El domingo se consume tan rápido como una tableta de
chocolate. Su existencia puede ser tan efímera como la hostia de la
comunión eclesiástica disolviéndose a la entrada del paladar de los
feligreses.
Los lunes pasan sin pena ni gloria por la pasarela semanal, se
alegran los zapateros y bosteza el mundo entero.
Martes y miércoles son tan parecidos e intercambiables como dos
hermanos gemelos. La vestimenta del uno puede sustituir a la del
otro y viceversa.
El jueves es la incógnita de la semana.
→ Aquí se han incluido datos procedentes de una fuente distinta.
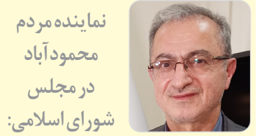
نماینده مردم محمودآباد در مجلس شورای اسلامی:

De semejante día puede
brotar cualquier cosa: una cita con el psicólogo, una visita al circo,
otra cita esperanzadora – con una posible candidata a novia –
anulada por un resfriado inexistente, una tormenta a la salida del
supermercado, o la familia que ha vuelto a discutir.
El viernes es el optimista de la semana; prepara los fuegos de
artificio, alegra un poquito el frigorífico y te invita a olvidar jefes,
empleados y aguafiestas.
A el sábado se le supone, independientemente de la ubicación
continental en la que estemos situados, el nirvana; o lo devoramos
entero – día y noche incluidos – o lo saboreamos lenta y
eternamente como haría Buda.
El domingo regresarán de nuevo la velocidad y el chocolate. Por si
coincide que es jornada electoral y, como casi siempre, ganan los
que no deseamos, habrá que tener preparado un buen contingente
de licores y estupefacientes para soportar, una vez más, la
hibernación mental de nuestras mayorías silenciosas.